'No regrets' over abandoned Atlantic row challenge
Despite a "catalogue of catastrophes" that saw two Atlantic rowers suffer a capsizing, endure countless equipment failures, days of drifting and severe injury, they say their only regret was having to pull out of the race.
"It was like something out of a horror movie," said Lauren Morton.
She suffered a 7cm (2.8in) gash to her head, "exposing bone", as the boat capsized while the rowers slept.
"Blood started flowing into my eye, I couldn't see anything and couldn't wipe it away quick enough.
"But to be honest I downplayed it [to the doctor on the phone], because there was no way I was going to get off that boat."
Ms Morton, 24, from Wetherby, and her friend Hannah Lawton, 25, from Stoke-on-Trent, were attempting to row 3,000 miles (4,828km) as part of the Talisker Whisky Atlantic Challenge.
They were one of 16 teams that set out from La Gomera in the Canary Islands in December, racing to Antigua in the Caribbean.
Drifting in Atlantic
For the University of West England students, the problems began even before the starting line and never let up.
Despite the setbacks, Ms Lawton said the relationship between the pair remained strong throughout.
"Many of the crews fell out and I've heard some of them aren't speaking to each other any more, but we didn't have any problems."
In the end, after 96 days at sea and 600 miles from the finish line, the two students called time on the challenge, arriving back in the UK on Saturday.
In La Gomera a cabin leak prevented them from doing any training and also meant they could not test the autohelm steering device, which failed within minutes, before later being "ripped off" in a storm.
"At the time we thought it was good luck, that things were going wrong on shore and we would have good luck on the water. But it didn't turn out like that," Ms Morton said.
"Now we think the boat was trying to tell us something."
Equipment failures and storms meant the students spent 44 days of the journey cramped inside a cabin the size of "half a single bed" - either at anchor, or drifting in the Atlantic.
"The overriding feeling for a lot of the journey was actually boredom, rather than worry," Ms Lawton said.

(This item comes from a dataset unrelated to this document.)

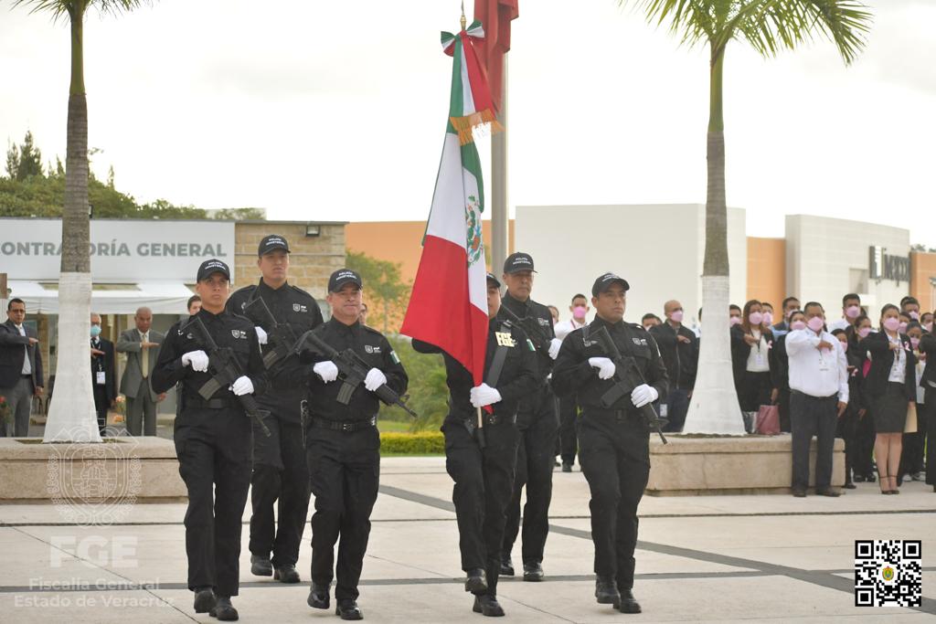 La Fiscal General del Estado, Verónica Hernández Giadáns, encabezó en oficinas centrales, la ceremonia de honores a la bandera, que correspondió organizar a las y los servidores públicos que integran la Dirección del Centro de Información e Infraestructura Tecnológica, quienes después del abanderamiento de la escolta conformada por elementos de la policía ministerial, pronunciaron el juramento a la bandera y compartieron las efemérides de la semana.

"In the end, we couldn't charge our iPads so we didn't have any entertainment. We didn't even have anything to read except instruction manuals.
"But we never fell out. We would try and grab some sleep when we could, chat and occasionally grab some fresh air, but the waves were so strong you couldn't be on deck or leave the door open for long.
"The waves were the size of houses.
"We were friends and used to row together at university, but I wouldn't say were close beforehand.
"We are now."
Ms Lawton said the pair even dealt calmly with storms, until their seven metre-long (22ft) boat capsized.
"It righted itself within seconds, but it left you a bit nervous whether another wave would take the boat over again."
They had taken on the challenge in memory of their friend Eleanor Ellis who died of cervical cancer aged 23.
"With every situation that happened we just kept on thinking obviously of El who was our inspiration and the determination and bravery she had shown through her illness," Ms Lawton said.
"To give up just because of a few things that had gone wrong seemed really pathetic compared with what she had gone through."
In the end, however, the decision was made for them.
"We were initially really happy because we knew a replacement rudder was on the way to us. But it didn't fit and the mood just plummeted," Ms Lawson said.
Even then, they turned down a free trip on the yacht to Antigua thinking that they could patch things up themselves.
Their attitude drew praise from race organisers, who described them as "shining examples" of "determination, courage and pure resolve".
Eighteen days later, however, after failing to fix the rudder, they called for rescue.
"We just looked at each other, knowing that was it," Ms Lawton said.
"We'd tried everything, so we didn't really have a choice, but it was incredibly frustrating having to finish about 600 miles from the finish line.
Rather than finishing in the Caribbean, the pair were picked up by a Belgian cargo ship and found themselves landing in Canada, in sub-zero temperatures.
Despite their experiences, the pair say they plan to take on the challenge again next year, in memory of their friend and see through "unfinished business".
To date they have raised about £14,000 for various charities and hope to add to that.
Before taking to the water again, they face another challenge, to raise another 20,000 Euros (£16,500) for the entry fee.